> _Task goal_: Restate word for word the entries below, starting at the line with "ผังมาแล้ว เบเนฟิตจัดเต็ม! MONSTA" and ending at the line with "Chiếc Marine One". Keep both end lines and omit the pictures.

> _Extracted information_:
-------------------------
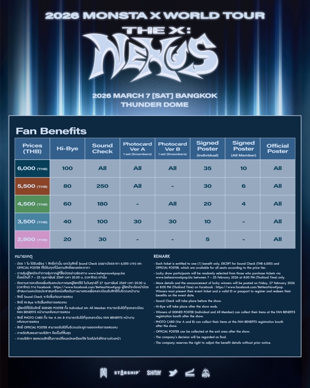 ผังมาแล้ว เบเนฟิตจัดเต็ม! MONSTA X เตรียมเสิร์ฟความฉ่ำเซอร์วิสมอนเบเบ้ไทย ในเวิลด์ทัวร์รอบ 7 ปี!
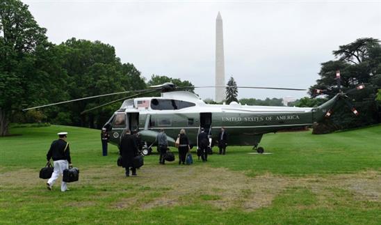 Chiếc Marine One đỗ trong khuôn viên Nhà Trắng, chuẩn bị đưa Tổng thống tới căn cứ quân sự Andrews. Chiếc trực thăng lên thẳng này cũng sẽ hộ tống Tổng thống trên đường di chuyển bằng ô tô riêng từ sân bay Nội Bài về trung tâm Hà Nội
-------------------------
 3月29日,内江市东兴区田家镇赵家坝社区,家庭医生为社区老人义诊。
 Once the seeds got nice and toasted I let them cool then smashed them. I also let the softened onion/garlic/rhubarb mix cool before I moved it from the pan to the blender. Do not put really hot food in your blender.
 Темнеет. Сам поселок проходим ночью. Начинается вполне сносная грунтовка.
-------------------------
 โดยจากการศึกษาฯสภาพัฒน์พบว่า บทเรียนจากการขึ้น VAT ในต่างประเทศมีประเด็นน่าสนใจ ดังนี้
-------------------------
> _Reply_:
 ผังมาแล้ว เบเนฟิตจัดเต็ม! MONSTA X เตรียมเสิร์ฟความฉ่ำเซอร์วิสมอนเบเบ้ไทย ในเวิลด์ทัวร์รอบ 7 ปี!
 Chiếc Marine One đỗ trong khuôn viên Nhà Trắng, chuẩn bị đưa Tổng thống tới căn cứ quân sự Andrews. Chiếc trực thăng lên thẳng này cũng sẽ hộ tống Tổng thống trên đường di chuyển bằng ô tô riêng từ sân bay Nội Bài về trung tâm Hà Nội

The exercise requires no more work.